‘Endometriosis affects an estimated 176 million women worldwide regardless of their ethnic and social background. Many remain undiagnosed and are therefore not treated.’
There is no exact known cause for endometriosis, the best way it is treated in Western Medicine is with hormone therapy, pain killers, or sometimes even surgery. The general consensus is that endometriosis is worsened by estrogen, so getting estrogen levels under control will help alleviate the symptoms – this is why hormone therapy is so commonly suggested.

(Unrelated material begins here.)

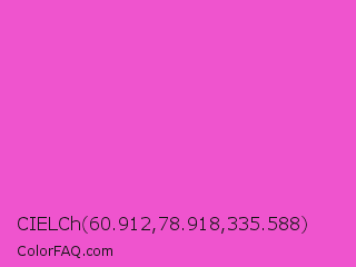 CIELCh 60.912,78.918,335.588 Color is a light magenta color and the nearest color is Light Deep Pink #ff5ccd. Hex code #ef54ce and RGB value is rgb(239,84,206). In RGB color space, this color is composed of 94% red, 33% green, 81% blue, In CMYK color space, this color is composed of 0% cyan, 65% magenta, 14% yellow , 6% black , In HSL color space, this color has a hue angle of 313° , 83% saturation and 63% lightness.
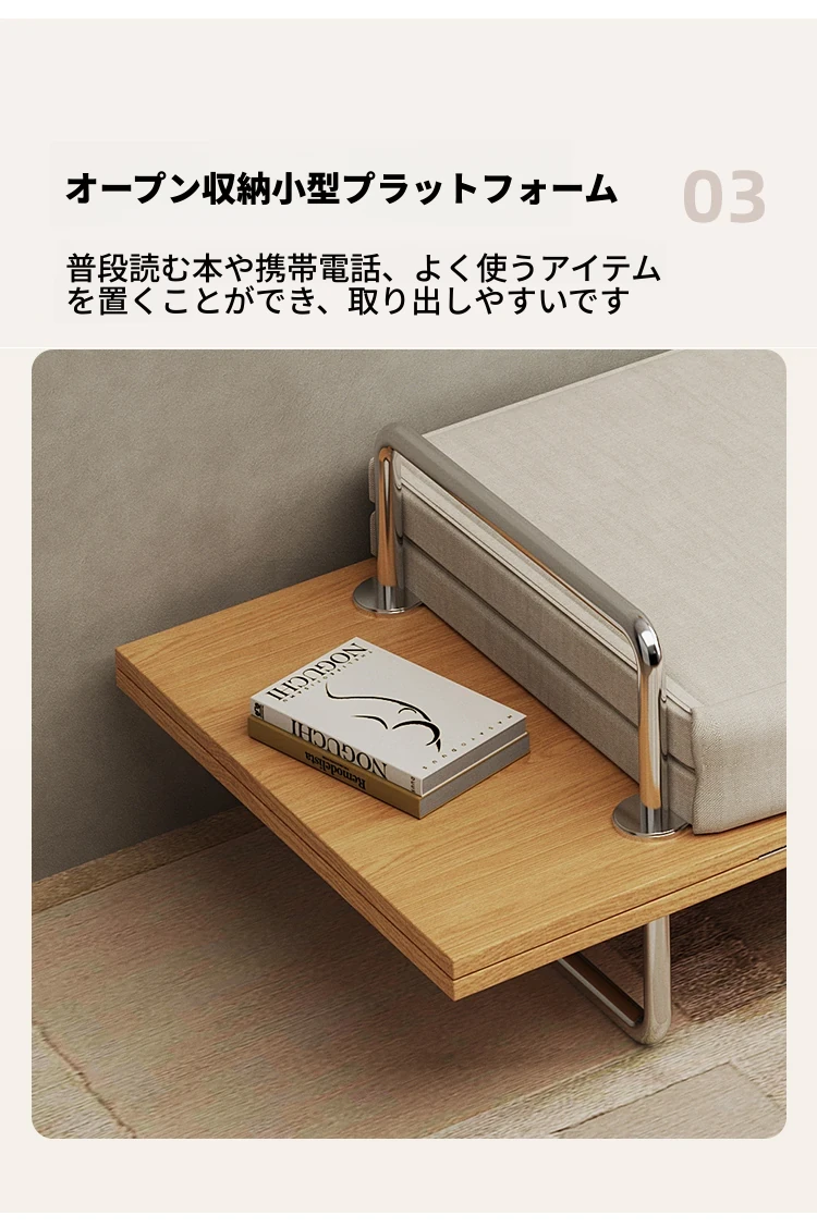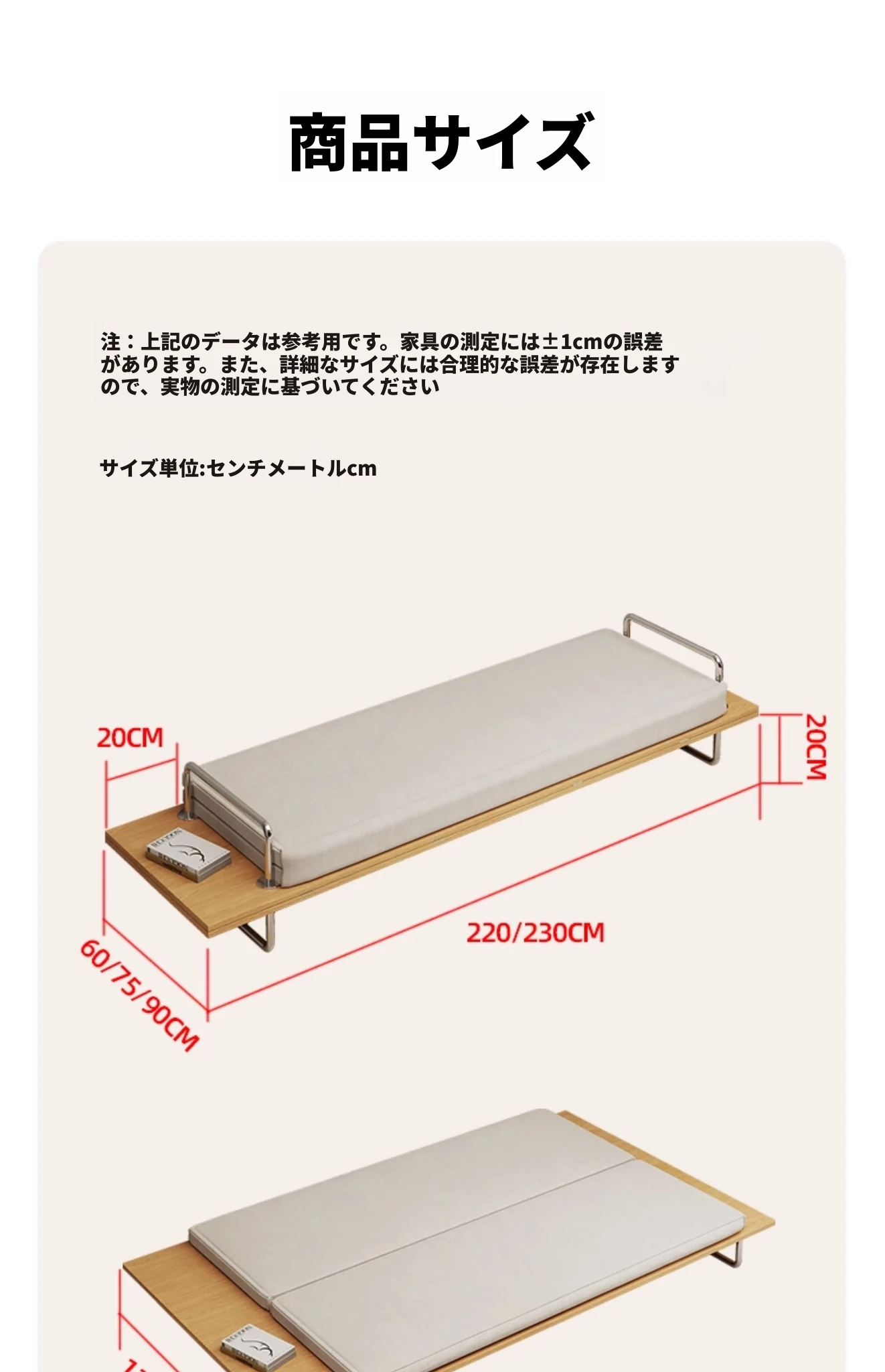 オーク色75CM幅シングルベッドフレーム(開放時150CM)+スポンジクッション

Endometriosis is when the endometrial tissue (lining in the uterus) which should only be found in the uterus is found in other parts of the body. It can be found anywhere in the pelvic cavity including but not limited to; the ovaries, fallopian tubes, on the pelvic side-wall (peritoneum), uterosacral ligaments, and the rectal-vaginal septum. Not only can it be found in various places in the pelvic cavity, but also in the bowels, bladder, intestines, rectum, and scar tissue (such as laparoscopy of Caesarian-Section scars). Interestingly enough, there have actually been some rare cases where endometrial tissue is found on the lungs.
When your hormones stimulate ovulation, it causes the walls of the uterus to thicken. Any endometrial tissue will be affected by this hormone signal, even when they are outside of the uterus. As the tissues grows, it can cause pressure on nearby organs or nerves. As the tissue grows/thickens, it also releases blood during menstruation which can trigger the typical pain symptoms and form scar tissue.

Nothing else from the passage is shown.